- Dalrymple Railway Viaduct to the north of the village
- Dalrymple Location within East Ayrshire
- Population: 1,660 (2020)
- OS grid reference: NS361146
- Council area: East Ayrshire;
- Lieutenancy area: Ayrshire and Arran;
- Country: Scotland
- Sovereign state: United Kingdom
- Post town: AYR
- Postcode district: KA6
- Police: Scotland
- Fire: Scottish
- Ambulance: Scottish
- UK Parliament: Ayr, Carrick and Cumnock;
- Scottish Parliament: Carrick, Cumnock and Doon Valley;

= Dalrymple, East Ayrshire =

Dalrymple (Drumple) is a village and parish in East Ayrshire, Scotland, lying in the Doon Valley on the north bank of the River Doon. The population is around 1,347.

The name Dalrymple comes from Gaelic meaning "flat field of the crooked pool or river". The village is relatively modern, although the parish and church of Dalrymple are older. When the community was first established around 1800, there were two streets, Main Street and Garden Street. The village grew slowly until the late 20th century, when council housing was built to house families from coal-mining villages in the area that were suffering an economic decline.

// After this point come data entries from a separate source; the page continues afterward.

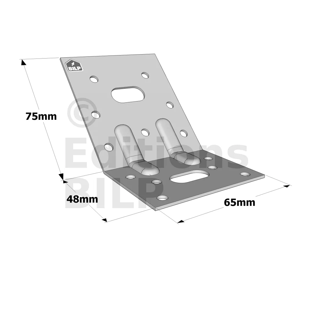 Équerres renforcées CLASSIQUES asymétriques pour le BOIS et le BETON - Réf. E5/1.5/135
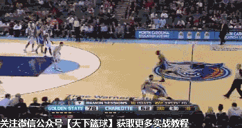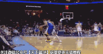 非常实用的近身摆脱技术,虽然看似简单,但要做到位不容易,假动作、转身速度及脚步衔接都是关键,对手扑的越凶就越容易上当,先来看一张库里在实战中的动图演示。
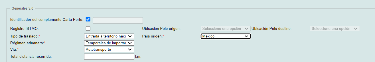 Luego, en la primera sección "Generales 3.0" llene los campos requeridos: "Tipo de traslado*"
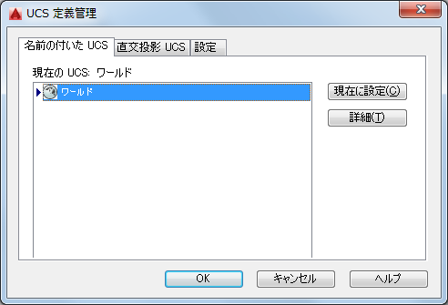 複数のビューポートや複数の名前のない UCS 設定がある場合、現在のビューポートの名前のない UCS のみが一覧表示されます。
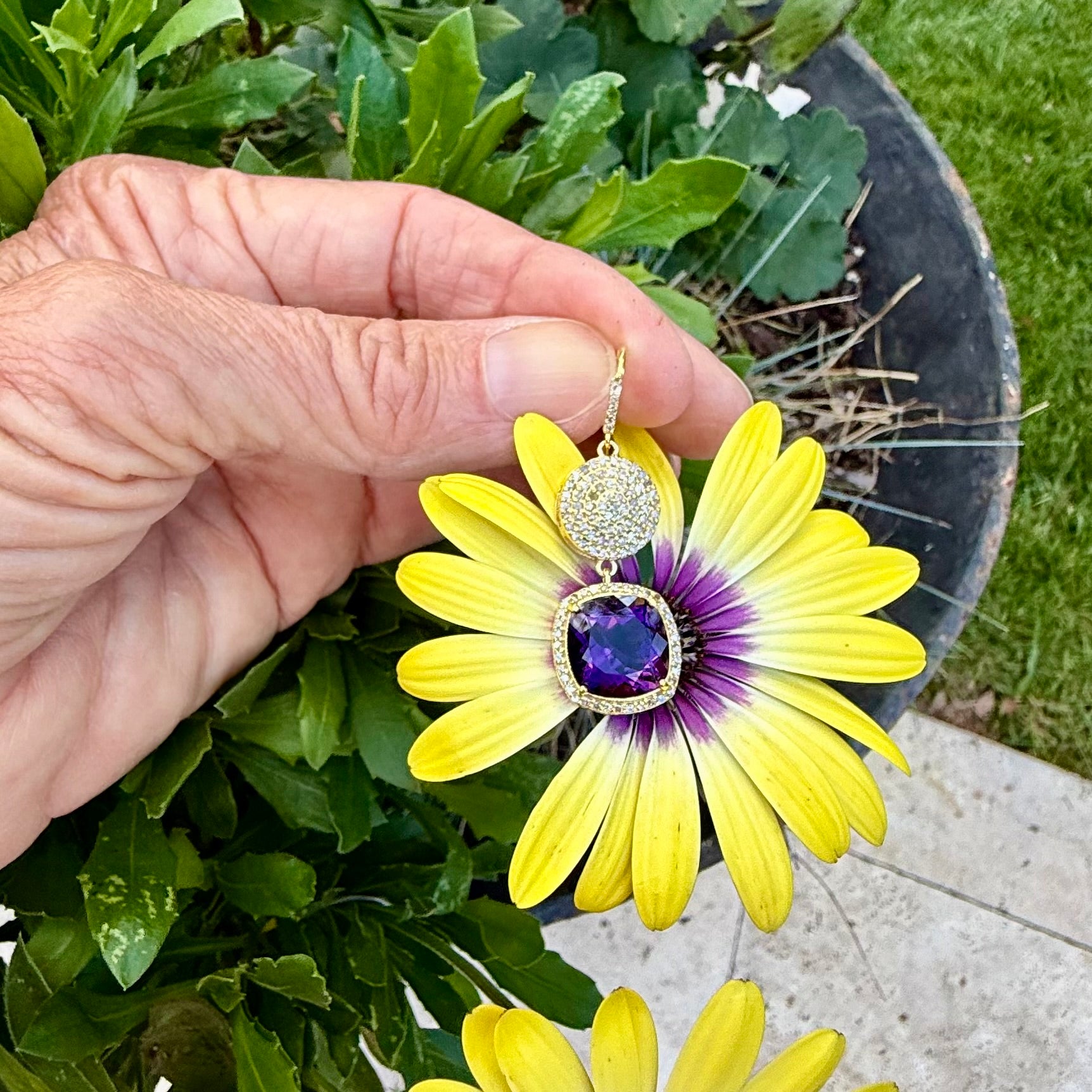 Stunning gemstone earring drops with diamonds in dreamy lemon quartz and deep amethyst. These dangles are just over 1/2 inch. The faceted cut on these gemstones makes them radiate with color.

It has about 1,000 houses. There are two pubs, The Kirkton Inn; a hotel with self-catering studios, a restaurant, a hairdresser, shops, a chemist, as well as a primary school. The village is in the catchment area for high schools in Ayr, Maybole and Dalmellington. Ayr is 6 mi north of Dalrymple by road.

The River Doon remains the boundary of the village on the southern end, and Purclewan Burn to the west and north.

Newer housing developments have tended to be on the eastern side of the village.

By the mid-20th century most of the housing had been built by the local Council. However, starting in the 1980s, many houses were purchased by their occupants and more recently, all new developments have been private.

The older part of the Village (Garden Street, Main Street and surrounding streets) is affectionately referred to as the 'bottom end' (of the village) by the inhabitants of Dalrymple and the newer part is called the 'top end'.